Sobral Santos II
- Date: Saturday 19 September 1981
- Time: 03h30
- Location: Amazon River, Brazil;
- Participants: c. 500
- Outcome: Boat sank, 178 rescued
- Deaths: c. 300+
- Missing: c. 100+
- Survivors: 178

= Sobral Santos II =

Amazon river ferry that sank in 1981

The was a ferry which operated on the Amazon River. On Saturday, September 19, 1981, it was making its weekly trip between Santarém and Manaus when it sank in Óbidos harbour. The boat was overcrowded, and it is assumed that over 300 people died in the disaster, with hundreds of bodies and body parts never identified. Of 500 people estimated to have been aboard, at least 178 had survived as reported by the Captain, Elio Palhares, that day.

In 2014, British angler Jeremy Wade went to Óbidos to investigate the role that local fish species may have played in the loss of life during this disaster; his findings were documented in the River Monsters episode entitled "Amazon Titanic" After investigating numerous possibilities, including botos (river dolphins), caimans, and piranha, Wade concluded that the culprits were likely hordes of piraiba and redtail coda rossa catfish, drawn by chum from nearby fish processing operations, probably joined by the multiple species of piranha and other small carnivorous fish. He hypothesized that the large redtails and piraiba pulled the struggling victims underwater, where they drowned.

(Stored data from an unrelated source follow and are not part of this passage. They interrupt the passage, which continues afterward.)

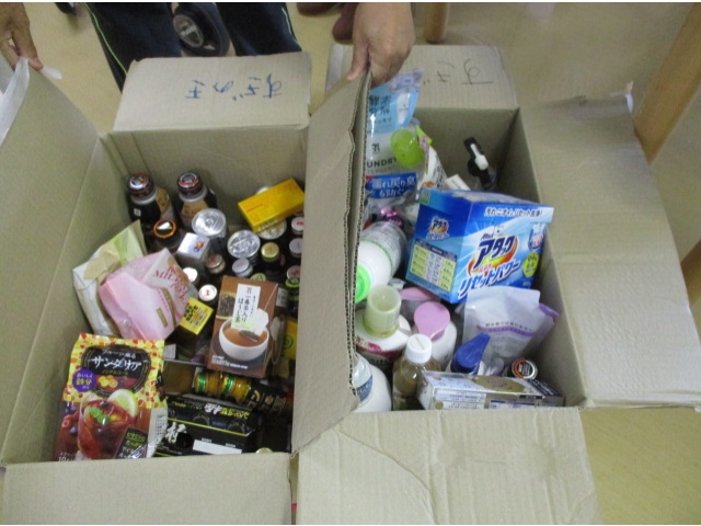 東栄町社会福祉協議会様から、第2弾コンビニの商品を寄贈していただきました。 ダンボール箱2箱に、シャンプー、洗濯洗剤、栄養ドリンク、肝臓にやさしいドリンクなど様々な商品が詰め込まれており まるで宝箱のような贈り物をいただきました。みなさまに喜んでいただけるよう、有効に活用させていただきます。(即日消費)ありがとうございました。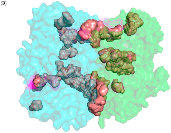 (A) The homology model of the “Venus Fly Trap” (VFT) domain of the human sweet taste receptor T1R2-T1R3. The cyan color represents the VFT domain of the T1R2 and the green color represents the VFT domain of T1R3. (B) All the binding sites of the sweet and non-sweet compounds (Table S1) in the VFT domain of T1R2-T1R3. The pink surface and magenta mesh represent all the binding sites of sweet and non-sweet compounds in the VFT domain of the T1R2-T1R3, respectively.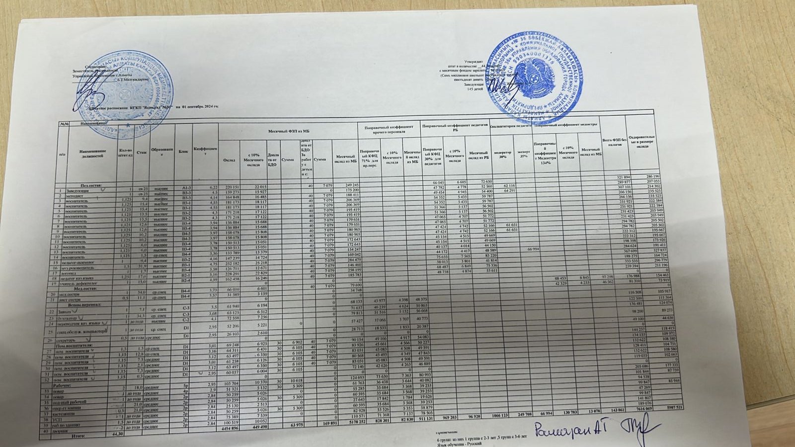 Штатное расписание 2024 г » ГККП Ясли сад № 36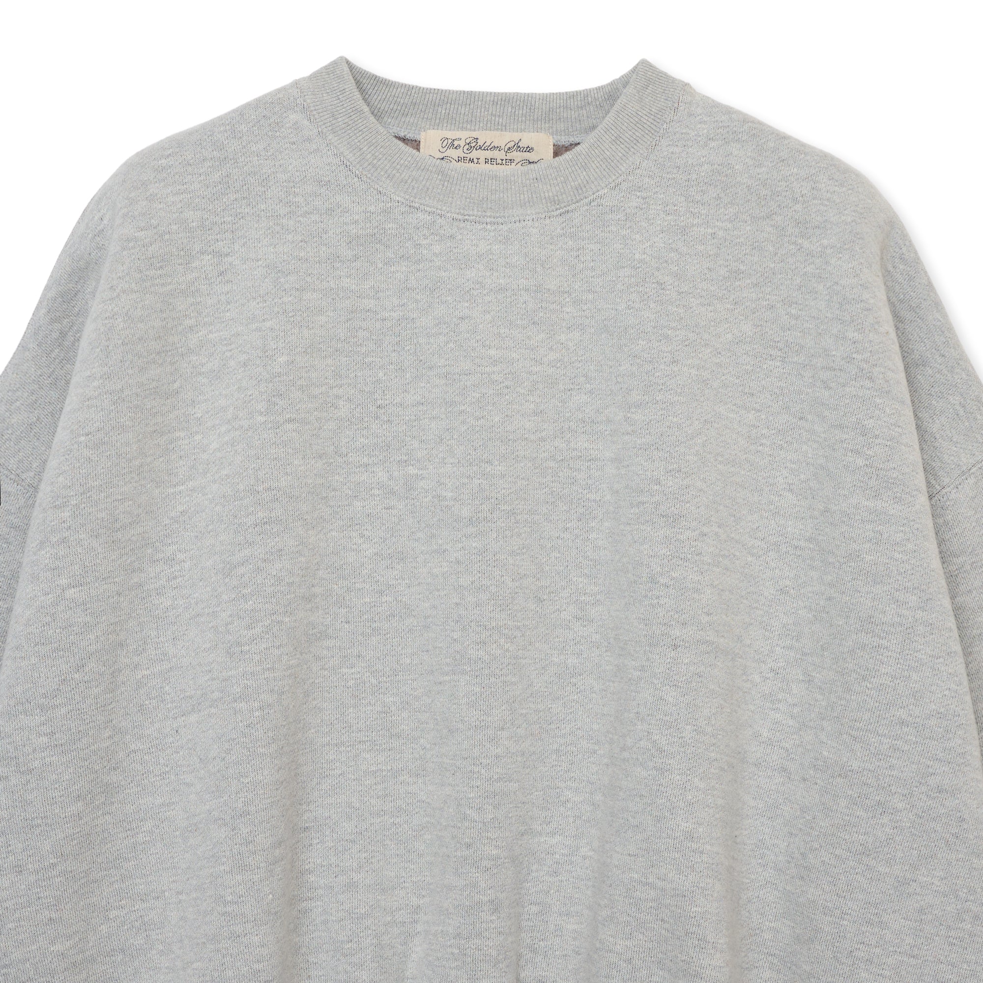 「究極なアメリカンベーシック」を追求するブランド"REMI RELIEF"とのダブルネームで制作。裏糸に特殊な紡績糸を使用。この糸は、紡績や織布の工程で発生する糸くずや布地、または未使用のまま廃棄される繊維原料を集めて反毛(綿にほぐし直すこと)し、再び糸として紡いだリサイクル素材です。さまざまな種類の糸が混ざり合うことで、独特の柔らかさと風合いが生まれています。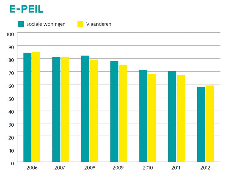 De sociale huisvestingsmaatschappijen anticiperen over het algemeen goed op de strenger wordende energie-eisen. Bij de cijfers van 2012 liggen de behaalde E-peilen zelfs heel wat lager dan wat toen vereist was. Maar met de invoering van E-peil 50 komen we echter tot een keerpunt, waarbij dit E-peil steeds moeilijker behaald zal kunnen worden. Het E-peil wordt de komende jaren verder aangescherpt tot het bijna-energieneutrale niveau E30 in 2021. Specifieke technieken zoals zonneboilers, ventilatiesystemen met warmteterugwinning of fotovoltaïsche panelen zullen hierdoor in veel gevallen noodzakelijk worden.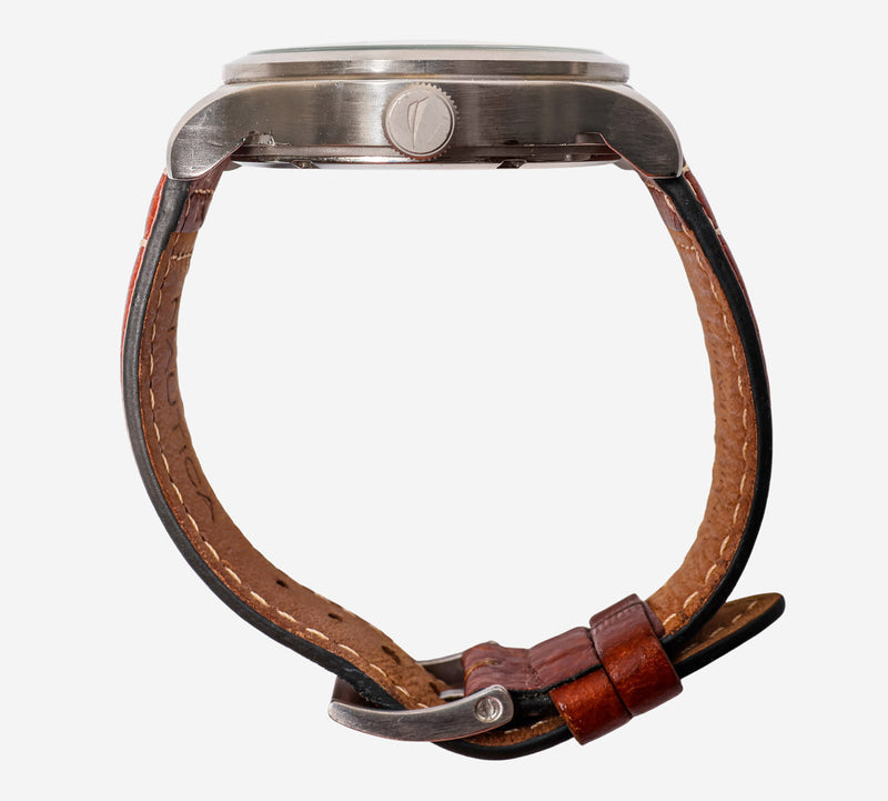 This pre-owned Nautica watch is in Excellent condition featuring Quartz Analog movement, with a Silver case and a Brown Leather 7 inch band.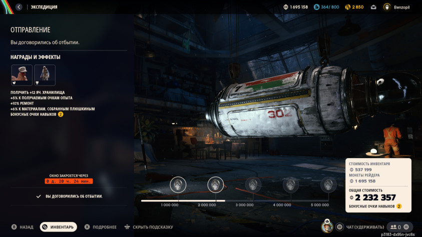 На деле же получилось так, что весь собранный лут пришлось хранить до последнего момента или продавать. Дело в том, что финальным этапом экспедиции, о котором не сообщалось изначально, оказалось накопление 5 млн монет — за каждый миллион обещали бонусное перманентное очко навыков. Приз, конечно, не ахти, но и лишать себя подарков было бы странно — с этими очками сразу можешь слегка увеличивать запас выносливости в каждом сезоне.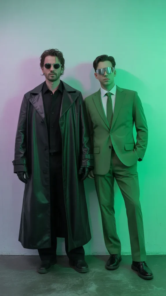 Finally, go cyber with Neo and Morpheus. Long trench coat, sunglasses, green suit the whole Matrix vibe is perfect for a late-night Halloween party. It’s edgy, iconic, and totally different from your average costumes. IMO, this one is for pairs who want to look effortlessly cool while still ticking the duo Halloween costumes box. 🕶️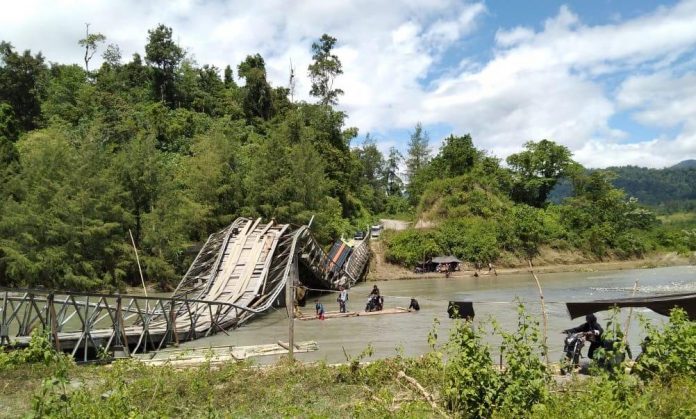Jembatan yang terbuat dari kayu sepanjang 40 meter tersebut putus saat truk pengangkut material tiang listrik melintasinya.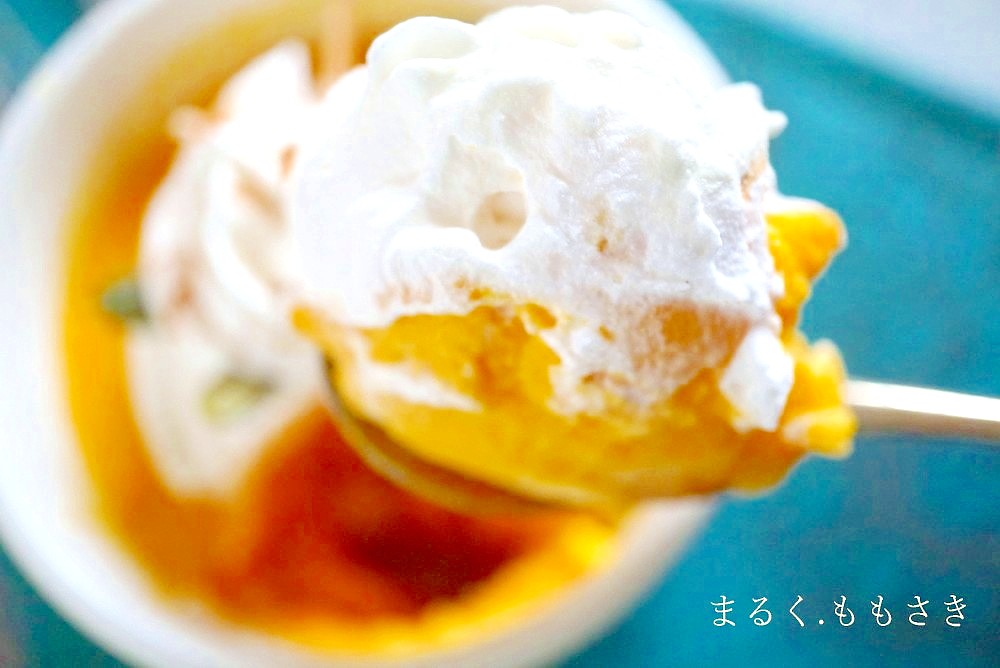 ふわふわホイップクリームと合いますね^^かぼちゃが濃厚な卵プリンです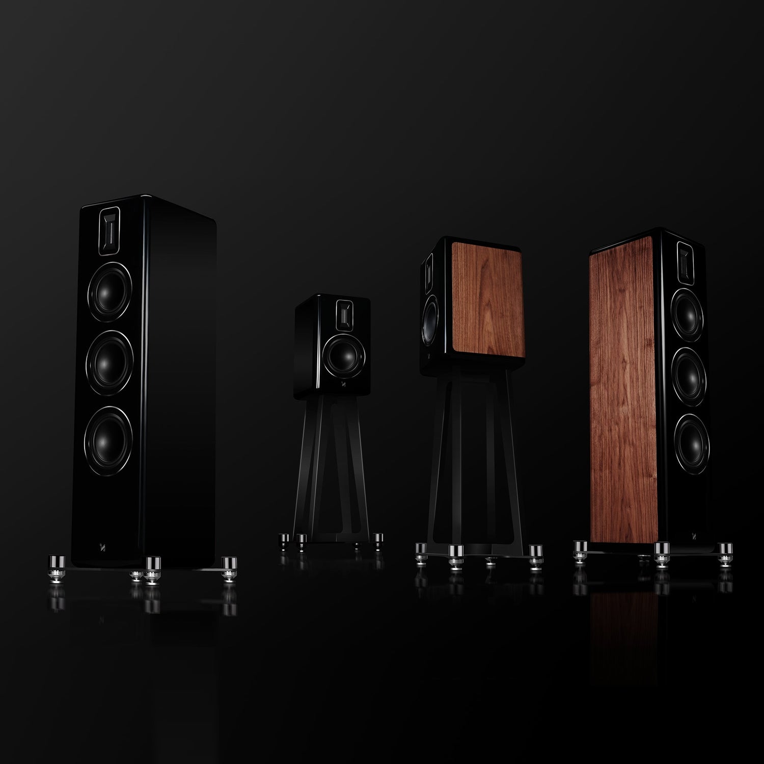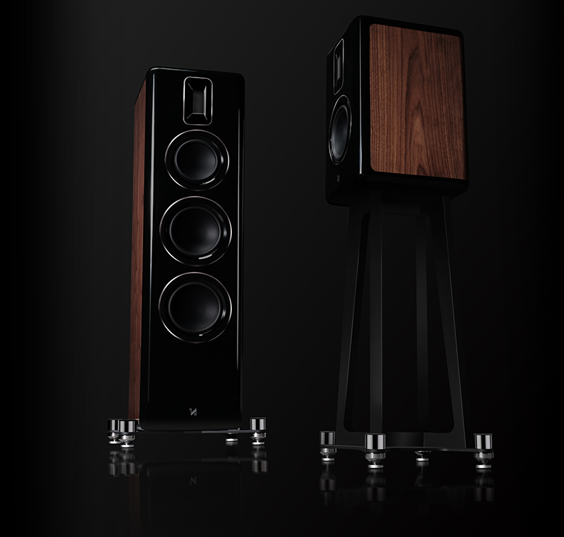 For the all-black finish option, multiple layers of lacquer are applied over deep black veneer to provide a lustrous finish, protect the cabinet and help damp unwanted acoustic radiation. The walnut finish option maintains the piano black front baffle, top and base, and adds interlocked wood veneer on the sides and rear, again generously lacquered.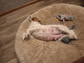 Yameela hat ihre Welpen am 31.08.25 bekommen, es war wie beim ersten Wurf ihr 59. Trächtigkeitstag. Sie hat alles super gemeistert und selbstständig gemacht.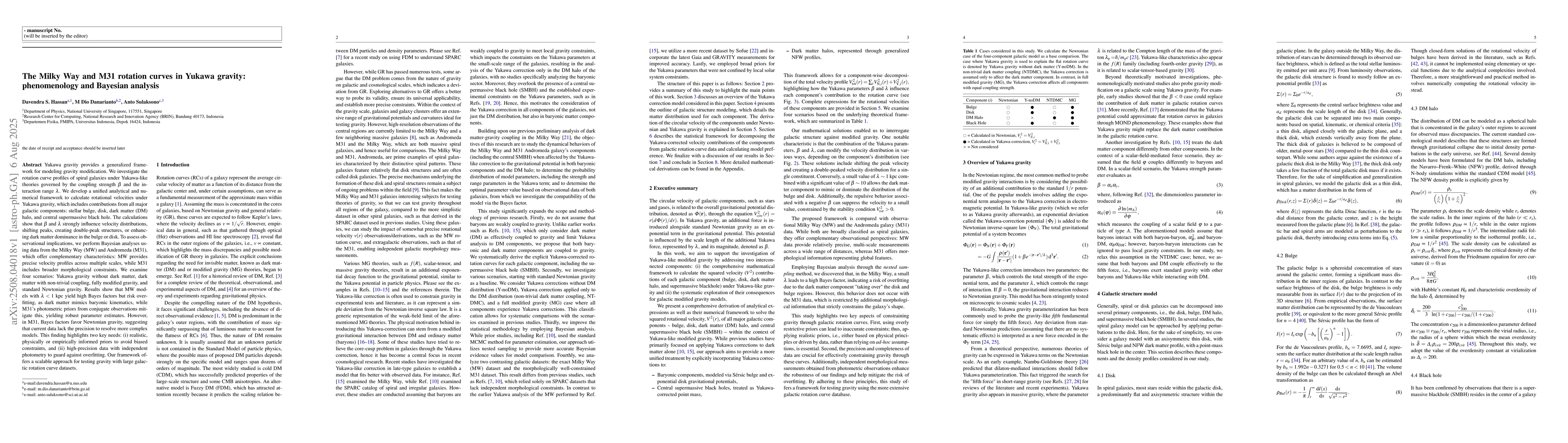 Yukawa gravity provides a generalized framework for modeling gravity modification. We investigate the rotation curve profiles of spiral galaxies under Yukawa-like theories governed by the coupling strength $\beta$ and the interaction range $\lambda$. We develop a unified analytical and numerical framework to calculate rotational velocities under Yukawa gravity, which includes contributions from all major galactic components: stellar bulge, disk, dark matter (DM) halo, and central supermassive black hole. The calculations show that $\beta$ and $\lambda$ strongly influence velocity distributions, shifting peaks, creating double-peak structures, or enhancing dark matter dominance in the bulge or disk. To assess observational implications, we perform Bayesian analyses using data from the Milky Way (MW) and Andromeda (M31), which offer complementary characteristics: MW provides precise velocity profiles across multiple scales, while M31 includes broader morphological constraints. We examine four scenarios: Yukawa gravity without dark matter, dark matter with non-trivial coupling, fully modified gravity, and standard Newtonian gravity. Results show that MW models with $\lambda < 1$ kpc yield high Bayes factors but risk overfitting, as dark matter mimics baryonic kinematics, while M31's photometric priors from conjugate observations mitigate this, yielding robust parameter estimates. However, in M31, Bayes factors favor Newtonian gravity, suggesting that current data lack the precision to resolve more complex models. This finding highlights two key needs: (i) realistic, physically or empirically informed priors to avoid biased constraints, and (ii) high-precision data with independent photometry to guard against overfitting. Our framework offers a scalable approach for testing gravity with large galactic rotation curve datasets.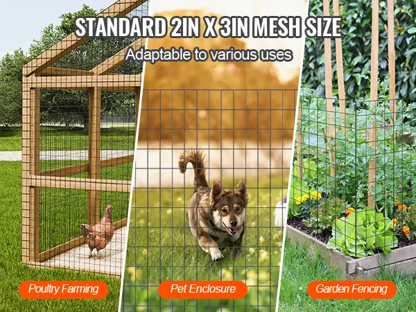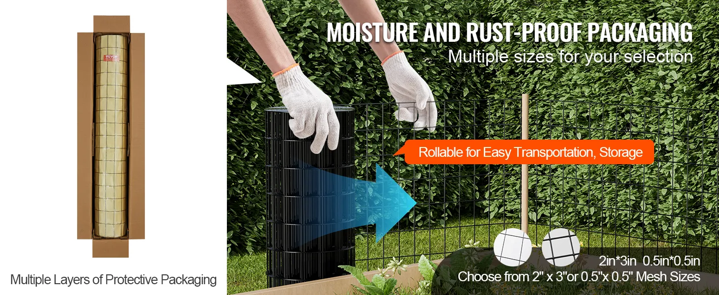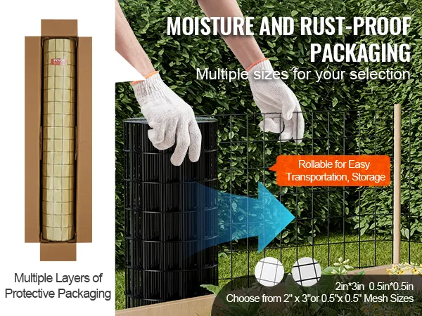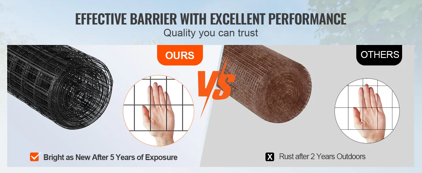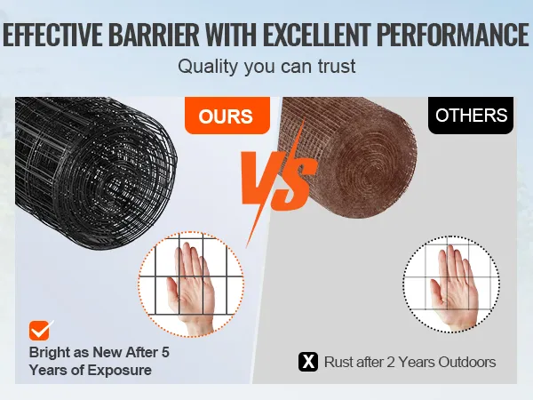 Effectieve bescherming: met een maaswijdte van 2 x 3 inch biedt de draadgaasrol een veilige bescherming voor dieren en planten. Het is waterdicht, roestbestendig, corrosiebestendig, scheurbestendig en heeft een glad, aantrekkelijk oppervlak dat zijn integriteit behoudt, zelfs in zoute omgevingen.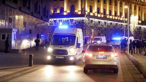 Ambulances leave the area near the building of the Federal Security Service (FSB, Soviet KGB successor) in the background in Moscow, Russia, Thursday, Dec. 19, 2019. Russian officials say an officer of Russia's main security agency has been killed by an unidentified gunman near its Moscow headquarters and five others have been injured. (AP Photo/Ilya Varlamov) The Associated Press

One man, soon after the ship had sunk, volunteered to dive down and help explain what went wrong. After a few short minutes, the diver re-emerged and said “There’s definitely something down there, the movement of the water…” He refused to go back down.

When the ship was retrieved, there were bodies with chunks of missing flesh, and only the hands seemed to be untouched.